§ Aim of the exercise
Print, word for word, every line from the beginning of the listing up to and including the line with "ESPAGNE, Andalousie |". Pictures are to be excluded.

§ Data provided
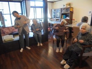 ご飯のこしらえや、体操をしたりと
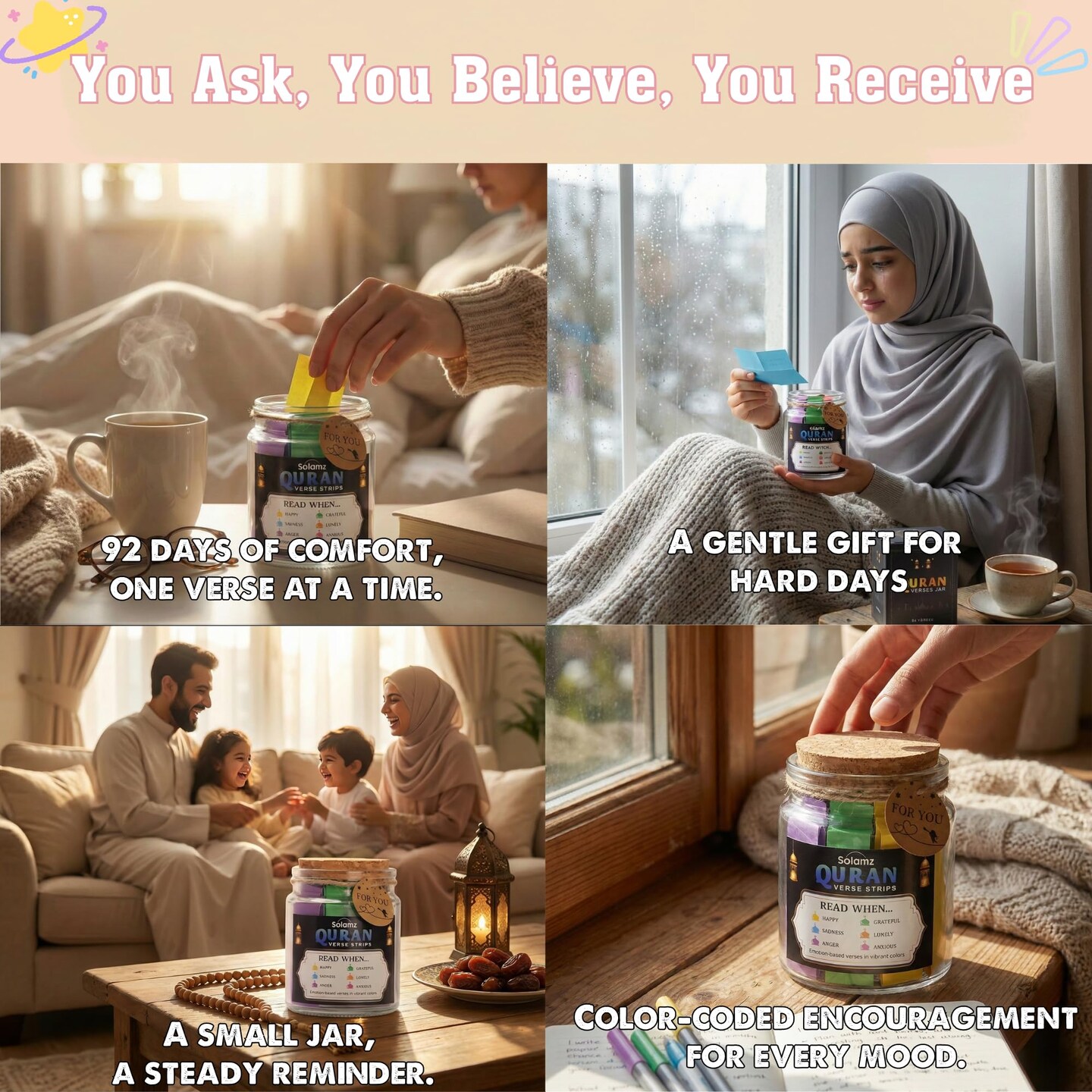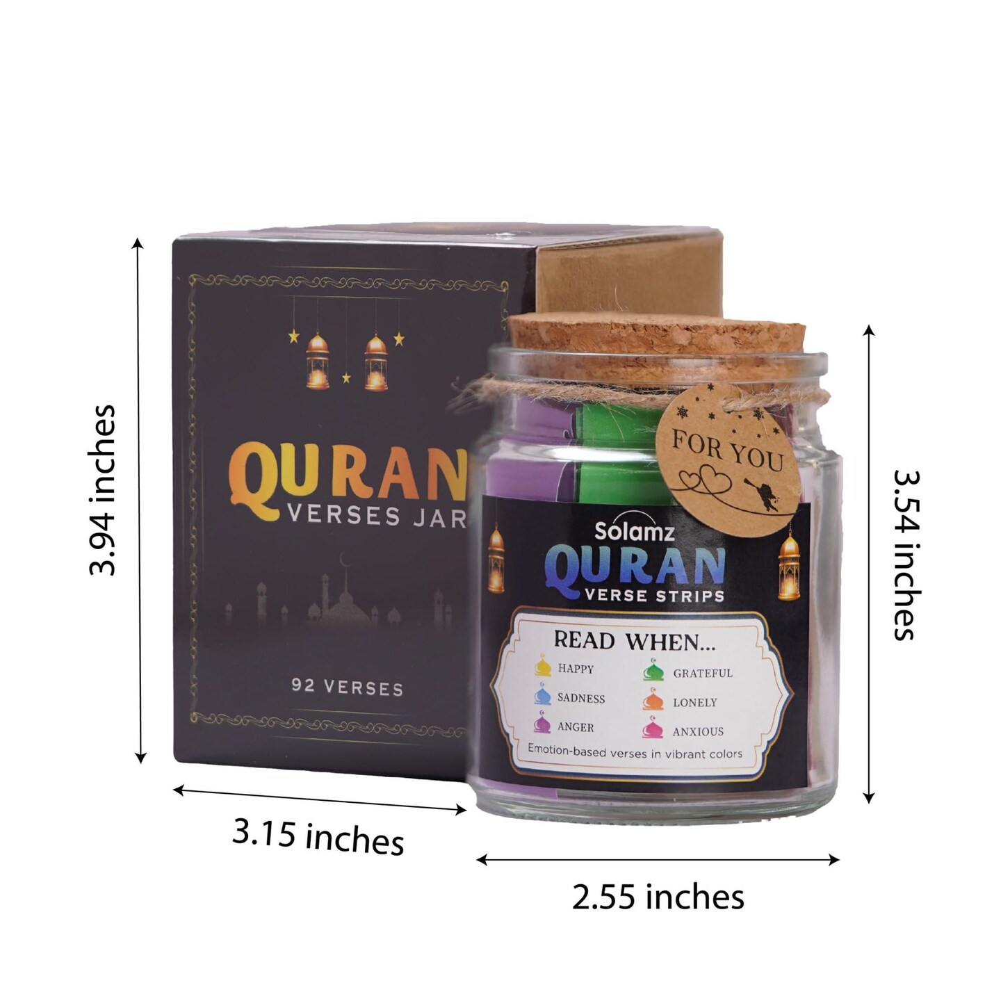 Quran Verses Jar – 92 Inspirational Islamic Quotes for Reflection & Gratitude | Ramadan Gift, Muslim Gift for Women & Men, Prayer Jar, Faith-Based Decor, Eid & Daily Affirmations
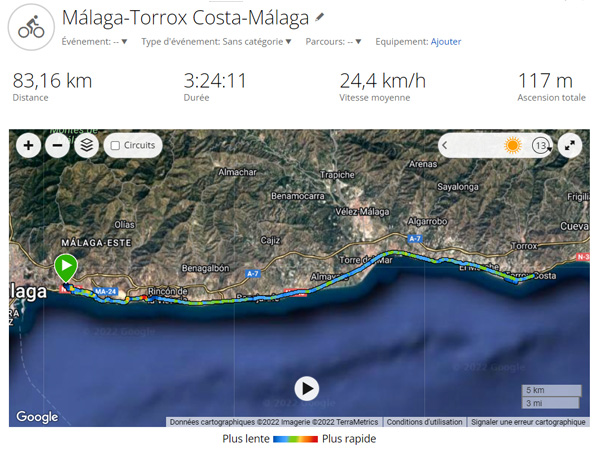 | MÁLAGA - TORROX COSTA - MÁLAGA 83,2 KM, 117 M de dénivelé positif / 2022 - ESPAGNE, Andalousie |
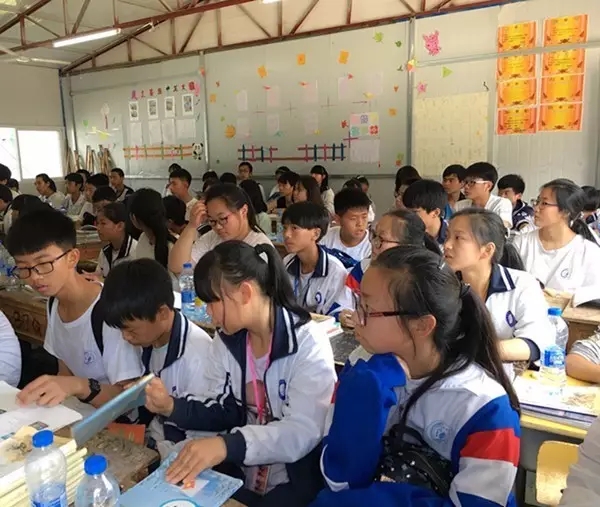 联欢会结束之后,云岗中学的孩子们在小伙伴的带领下,纷纷来到教室,和小伙伴们共上一节课,有的上数学课,有的上地理课,有的上音乐课。课堂上,大家认真学习,积极回答问题,虽然板房条件艰苦,但是因为好朋友的陪伴,课堂里多了一份温馨和幸福。一节课的时间很短暂,下课铃声响起,许多伙伴手牵手来到食堂,大家在枫边学校的食堂里,共进午餐。

§ Task output
 ご飯のこしらえや、体操をしたりと
 Quran Verses Jar – 92 Inspirational Islamic Quotes for Reflection & Gratitude | Ramadan Gift, Muslim Gift for Women & Men, Prayer Jar, Faith-Based Decor, Eid & Daily Affirmations
 | MÁLAGA - TORROX COSTA - MÁLAGA 83,2 KM, 117 M de dénivelé positif / 2022 - ESPAGNE, Andalousie |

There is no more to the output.